#### [EXERCISE DIRECTIONS]
In the entries below, find the line with "This will add" and the line with "NOTICIAS 07/06/2021Consolida triunfo", then retype both and everything between them exactly. Do not copy the pictures.

[[ RECORDS FOR THE TASK open ]]

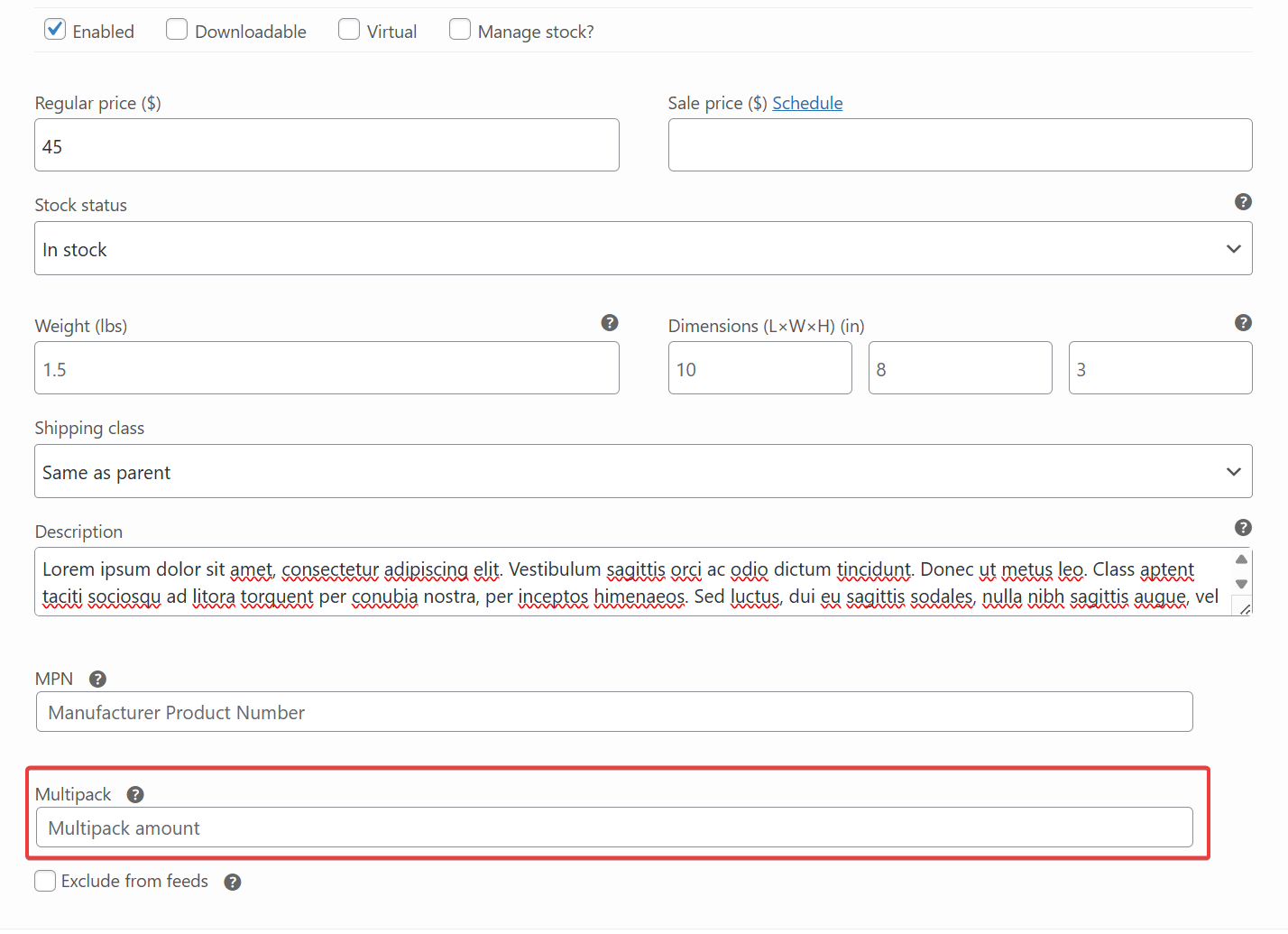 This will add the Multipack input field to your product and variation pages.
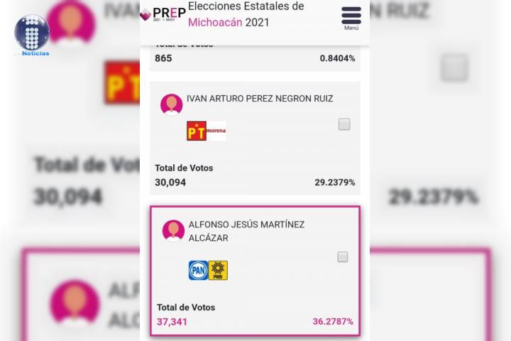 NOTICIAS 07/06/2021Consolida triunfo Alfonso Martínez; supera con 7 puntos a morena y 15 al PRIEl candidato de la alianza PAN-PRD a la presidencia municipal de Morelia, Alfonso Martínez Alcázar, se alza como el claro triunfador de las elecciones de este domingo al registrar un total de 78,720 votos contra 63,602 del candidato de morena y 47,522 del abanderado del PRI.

[[ RECORDS FOR THE TASK closed ]]
[[ RECORDS FOR THE TASK open ]]

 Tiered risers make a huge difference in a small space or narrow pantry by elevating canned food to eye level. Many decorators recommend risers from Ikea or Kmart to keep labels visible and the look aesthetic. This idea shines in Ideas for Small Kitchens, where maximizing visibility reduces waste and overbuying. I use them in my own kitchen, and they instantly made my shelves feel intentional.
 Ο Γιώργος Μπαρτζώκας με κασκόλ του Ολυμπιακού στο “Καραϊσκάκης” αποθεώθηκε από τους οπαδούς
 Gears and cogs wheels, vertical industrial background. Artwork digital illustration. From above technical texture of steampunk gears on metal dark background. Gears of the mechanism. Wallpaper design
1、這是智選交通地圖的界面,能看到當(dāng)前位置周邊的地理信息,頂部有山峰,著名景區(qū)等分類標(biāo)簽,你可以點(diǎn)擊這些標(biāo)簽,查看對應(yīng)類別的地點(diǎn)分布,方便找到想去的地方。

[[ RECORDS FOR THE TASK closed ]]
[[ RECORDS FOR THE TASK open ]]

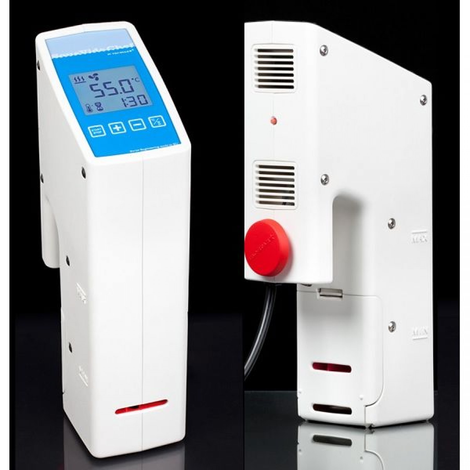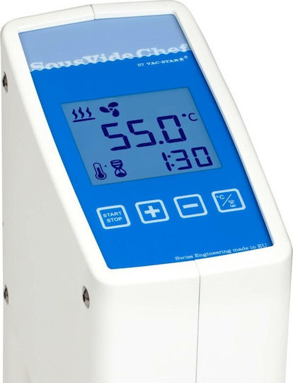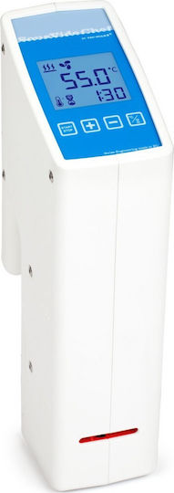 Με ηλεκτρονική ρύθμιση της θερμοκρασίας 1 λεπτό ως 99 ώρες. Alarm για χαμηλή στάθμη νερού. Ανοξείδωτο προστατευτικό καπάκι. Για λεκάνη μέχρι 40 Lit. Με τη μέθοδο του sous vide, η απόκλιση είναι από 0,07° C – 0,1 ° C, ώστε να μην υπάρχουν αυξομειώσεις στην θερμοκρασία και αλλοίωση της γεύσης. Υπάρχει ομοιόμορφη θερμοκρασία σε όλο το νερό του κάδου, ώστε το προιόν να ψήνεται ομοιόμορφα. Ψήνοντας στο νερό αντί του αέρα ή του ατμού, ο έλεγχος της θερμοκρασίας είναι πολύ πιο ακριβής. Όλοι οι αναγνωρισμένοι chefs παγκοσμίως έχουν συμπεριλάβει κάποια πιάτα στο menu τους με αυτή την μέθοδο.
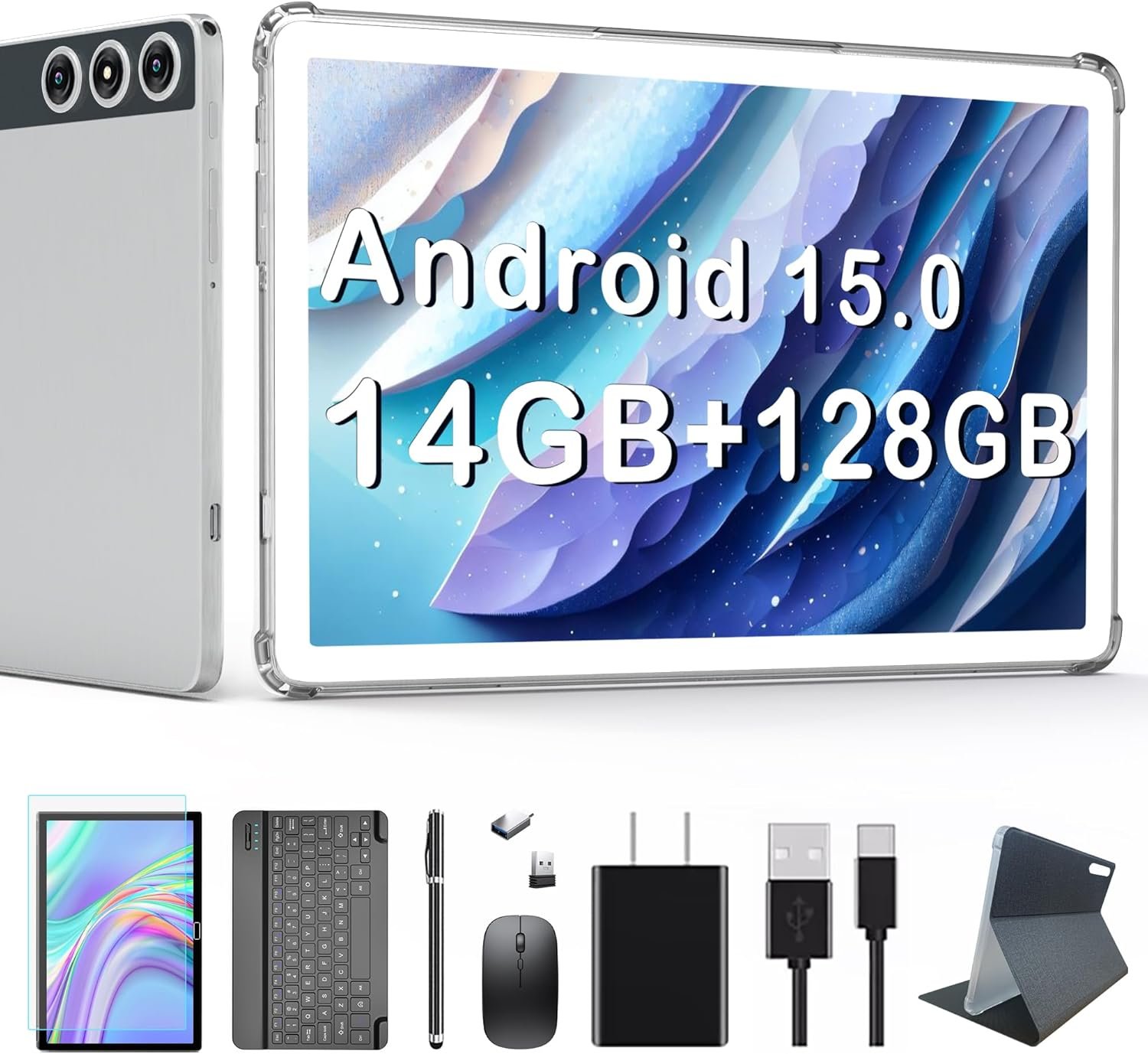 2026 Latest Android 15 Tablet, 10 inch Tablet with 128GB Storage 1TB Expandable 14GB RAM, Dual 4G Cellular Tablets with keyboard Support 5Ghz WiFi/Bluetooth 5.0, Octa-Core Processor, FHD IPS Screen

[[ RECORDS FOR THE TASK closed ]]

#### [RESULT OF THIS EXERCISE]
 This will add the Multipack input field to your product and variation pages.
 NOTICIAS 07/06/2021Consolida triunfo Alfonso Martínez; supera con 7 puntos a morena y 15 al PRIEl candidato de la alianza PAN-PRD a la presidencia municipal de Morelia, Alfonso Martínez Alcázar, se alza como el claro triunfador de las elecciones de este domingo al registrar un total de 78,720 votos contra 63,602 del candidato de morena y 47,522 del abanderado del PRI.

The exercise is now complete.